Auf der östlichen Seite ist eine Busspur mit Haltestelle geplant und das Rad- und Fußwegenetz wird ausgebaut. Die Linienführung des örtlichen Busses soll an den neuen Ortsteil angepasst werden und somit die leichte Erreichbarkeit der U6 sicherstellen. Das Radwegenetz für den täglichen Einkauf soll durch Schnellverbindungen zu anderen regionalen Radwegen ergänzt werden. Weiters ist ein Steg im Bereich der Wienerstraße als sichere Verbindung für Radfahrer und Fußgänger angedacht, womit das Ortszentrum binnen Minuten erreichbar ist. In Kombination mit der angedachten Einrichtung von Shuttle-Bussen zum Campus 21 und zur U6-Station Siebenhirten könnte das Projekt in Zukunft mithelfen, sowohl den Eigen-Verkehr der Gemeinde Brunn als auch den Pendler-Verkehr zu reduzieren. Sammelgaragen sind an der Ost- und Westseite der Glasfabrik mit kurzen Zufahrten geplant.

Wird das Bauprojekt nicht für viel zusätzlichen Verkehr sorgen?

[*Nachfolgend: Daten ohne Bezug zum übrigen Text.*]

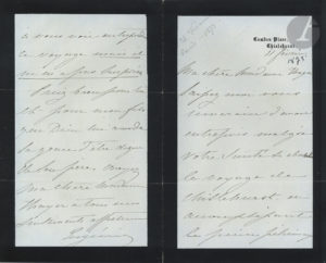 d’être venue aux obsèques... « En accomplissant le pieux pèlerinage pour prier dans la petite église où l’Empereur repose en dépot, vous avez voulu continuer une tradition de famille, votre nom s’est associé aujourd’hui comme autrefois avec le nôtre. Mon fils a désiré que je vous remercie en son nom, car il en a été vivement touché. [...] Priez bien pour lui et pour mon fils que Dieu lui accorde la grace d’être digne de son père »...

Die im Planungsverfahren beteiligten Planer rechnen nicht mit einer maßgeblichen Verschlechterung der bereits bestehenden Verkehrsbelastung. Würden statt des Wohnbauprojekts – der derzeitigen Widmung entsprechend – wieder Gewerbebetriebe auf dem Areal „einziehen“, wäre hingegen mit einer deutlichen Zunahme des Schwerverkehrs zu rechnen.

Sollten Gemeinden nicht in Zeiten des Klimawandels deutliche Zeichen beim Thema Verkehr setzen?
Ein Umdenken im Bereich Mobilität ist sicher notwendig, weshalb es ganzheitliche Konzepte braucht. Umso wichtiger sind die Erschließung von zentralen Ortsteilen mittels engmaschiger Fuß- und Radwege sowie die Stärkung der „sanften Mobilität“. Auch in dieser Hinsicht ist ein Wohnbauprojekt auf dem Areal der Glasfabrik einer gewerblichen Nutzung vorzuziehen, bietet es doch (in der Ausbaustufe) genügend Flächen für alltagstaugliche „Goodies“ wie Fahrrad- und Roller-Abstellplätze oder Mobilitäts-Points mit Reparaturwerkstätten oder Leihradservicestellen.